The recent Canvas Conference for designers, engineers and UX professionals revealed some fascinating inside stories from brands building some of the world's most useful products and services.
Held at the Library of Birmingham, three themes came to light which indicate how our future world will evolve. Three themes sit at the heart of new product development and the online customer experience:
- enhanced personalisation
- greater connectivity
- digital progression that problem-solves rather than blurs
Take the finance sector, for example. Personal banking has been hugely simplified by smartphone apps that enable customers to move money effortlessly and save time they would have otherwise have spent standing in the queue at their local branch.
Yet, there are still cases where it feels like financial services are making money matters deliberately hard for consumers to understand.
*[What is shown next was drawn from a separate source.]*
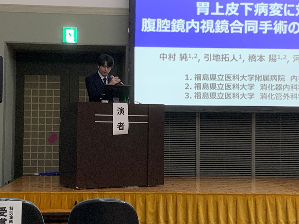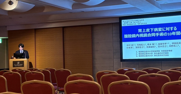 中村は,両学会の支部評議員として参加し,消化器病学会のシンポジウム1「消化器がんに対する診断、治療の最前線」で「胃上皮下病変に対する腹腔鏡内視鏡合同手術の 10 年間の検討」を発表しました。また,消化器内視鏡学会の一般演題「小腸その他」で座長を務めました。
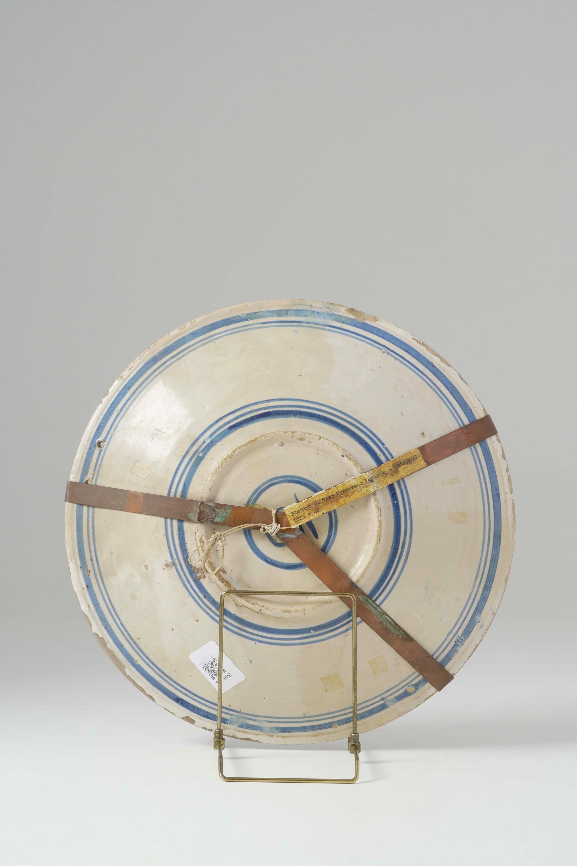 Quest’opera rappresenta un tassello molto significativo della produzione della fornace mugellana attiva nel castello di Cafaggiolo, che prese avvio alla fine del Quattrocento, producendo opere di grande eleganza tecnico-decorativa, ma avviandosi al declino dopo la metà del secolo successivo, cessando l’attività verso il 1570. Molto diffusa sin dal primo periodo fu la decorazione “alla porcellana”, cui appartiene anche quest’opera, nata sulle suggestioni del mondo orientale, rielaborate sino ad assumere caratteri assai peculiari e riconoscibili sui manufatti. Essa inoltre cronologicamente appartiene al primo periodo in ragione anche della segnatura “SP”, dipinta sul verso, finora unica marca certa della fornace mugellana

One of these is currency exchange.
Dave Wascha, global director of digital products at Travelex admits that despite studying more maths than most, even he found it almost impossible to work out how much yen he could get for a £50 note at the airport when looking at those 'we buy/we sell' boards.
This is one of the areas Travelex is committed to simplifying through digital innovation and by treating money as a product that needs demystifying through better design.
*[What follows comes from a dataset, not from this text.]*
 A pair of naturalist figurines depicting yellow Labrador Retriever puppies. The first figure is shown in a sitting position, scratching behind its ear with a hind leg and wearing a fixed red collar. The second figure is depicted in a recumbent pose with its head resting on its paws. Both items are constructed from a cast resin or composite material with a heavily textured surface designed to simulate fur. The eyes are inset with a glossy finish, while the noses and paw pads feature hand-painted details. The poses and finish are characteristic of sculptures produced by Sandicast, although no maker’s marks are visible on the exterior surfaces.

Travelex has already seen problem-solving success with an app that helps users to predict how much money they may need while abroad and its 'Supercard' that prevents UK banks from charging fees for overseas transactions.
The Supercard was designed to possess all the user benefits of using cash aboard with all the added security benefits of a credit card.
Solving existing consumer experience issues through product design will evolve alongside making our lives easier for the future via greater connectivity.
Hive exemplified this to attendees by discussing how its digital thermostat was born out of people's inability to control the temperature of their own homes (90 per cent can't control their thermostat according to market research), the concern for how much energy they're using and a desire for better product design.
By solving these consumer-needs, Hive is also revolutionising the way that people interact with their home environments in a more connected way.
This will open-up new markets for more smart connected products such as sensors for windows and doors, smart-plugs and lighting controls.
If Hive is driving a more connected, design-led home for the future, Withings is taking a similar design approach to a more connected human.
Julient de Preaumont, Withings CMO, outlined his vision for a world where people can track their health, weight and sleep patterns via dashboards in the firm's everyday connected products such as bathroom scales, home security cameras and watches.
With more connected devices, greater personalisation will become a natural by-product.
Already, online brands such as Etsy, and beauty product discovery service, Birchbox strive for greater understanding of their customers' buying habits and behaviour both online and in the real world.
Birchbox CTO Liz Crawford told Canvas she's seen a 12 times boost in engagement after the brand began communicating with its one million subscribers across six countries in ways that better suited their schedules as opposed to the company's internal marketing schedule.
For instance, if someone was browsing at lunchtime and didn't buy, they may receive a discount and product recommendation later on in the day, when they've more time to interact with the products and make a purchase.
It's these three themes that will ultimately shape the future of digital product design and help transform our lives for the better in the process.